Miscellaneous Layers
Layer |
Description |
---|---|
Get index of maximum-value tensor entry |
|
Get index of minimum-value tensor entry |
|
Mean values across channel dimension |
|
Softmax across channel dimension |
|
Covariance between entries of two tensors |
|
Embedding layer with distributed weights |
|
Create layer from an external library |
|
Position of data sample within mini-batch |
|
Size of current mini-batch |
|
Convert index to a one-hot vector |
|
L2 norm of each row of a weights matrix |
|
Apply a hash function to get uniformly distributed values |
|
Variance of tensor entries |
Argmax
The Argmax
layer gets the index of the maximum-value tensor
entry.
Expects a 1D input tensor. If multiple entries have the same maximum value, outputs the index of the first one.
Arguments: None
Argmin
The Argmin
layer gets the index of the minimum-value tensor
entry.
Expects a 1D input tensor. If multiple entries have the same minimum value, outputs the index of the first one.
Arguments: None
ChannelwiseMean
The ChannelwiseMean
layer computes mean values across
channel dimensions.
The input tensor is sliced along the first tensor dimension (the “channel” dimension for image data in CHW format) and the mean value is computed for each slice.
Arguments: None
ChannelwiseSoftmax
The ChannelwiseSoftmax
layer applies the Softmax function
across channel dimensions.
The input tensor is sliced along the first tensor dimension (the “channel” dimension for image data in CHW format) and the softmax function is computed for each slice.
Arguments: None
Covariance
The Covariance
layer computes the covarience between entries
of two tensors.
Arguments:
- biased
(
bool
) Use biased estimator, i.e. sample covariance
DistEmbedding
The DistEmbedding
layer is the embedding layer with
distributed weights.
This is similar to the embedding layer, which takes integer indices and returns embedding vectors from a lookup table. However, the embedding vectors are distributed between processes and one-sided inter-process communication is performed with OpenSHMEM (on CPU) or NVSHMEM (on GPU).

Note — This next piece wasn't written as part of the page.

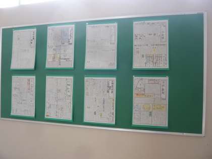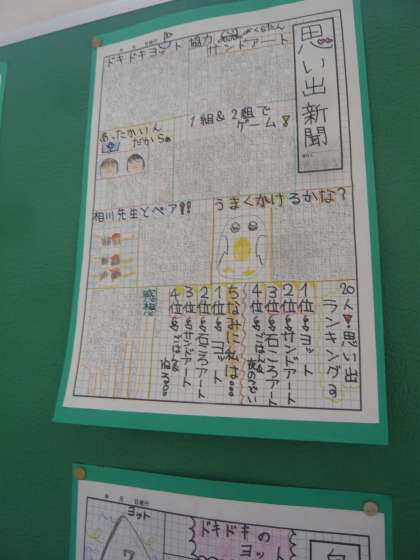 階段踊り場の掲示板に、6年生の自然体験教室「思い出新聞」が掲示されていました。

The main benefit of this model-parallel approach is to handle cases where the embedding vectors don’t fit on one process. It should also have better scaling properties when the mini-batch size is very large.
To take advantage of sparse gradients, the distributed embedding layer provides the option to bypass the optimizer (which currently only supports dense gradients) and perform sparse SGD directly on the embedding weights. If enabled, SGD occurs during the layers “update” phase (i.e. in the virtual update_compute function). Otherwise, the layer converts sparse gradients to a dense tensor and passes it into the usual optimizer. This is a hack and will be deprecated once the optimizer class supports sparse gradients.
Warning
This is experimental.
Todo
Sparse SGD with optimizer class
Arguments:
- num_embeddings
(
int64
) Size of dictionary of embeddings.- embedding_dim
(
int64
) Size of embedding vectors.- sparse_sgd
(
bool
) Perform sparse SGD during backprop.Bypasses optimizer class.
- learning_rate
(
double
) SGD learning rate.- barrier_in_forward_prop
(
bool
) Perform a blocking barrier a the beginning of forward prop.This layer performs synchronization with non-blocking barriers to ensure the correctness of asynchronous communication. However, gradient checking changes the embedding values without performing any synchronization. The quickest fix is to do a blocking barrier at the beginning of forward prop to make sure that all the embeddings are ready to be accessed.
Todo
Think of a way to avoid this synchronization.
External
The External
layer creates a layer from an external
library.
An external layer can be created by compiling an LBANN layer object in a separate shared library (such as an .so file), along with a setup function that creates it. This layer accepts a file path and a layer name (so more than one can exist in a library), and will invoke the library dynamically to create the layer. The layer in the external library can be set with an arbitrary number of inputs, outputs, and weights.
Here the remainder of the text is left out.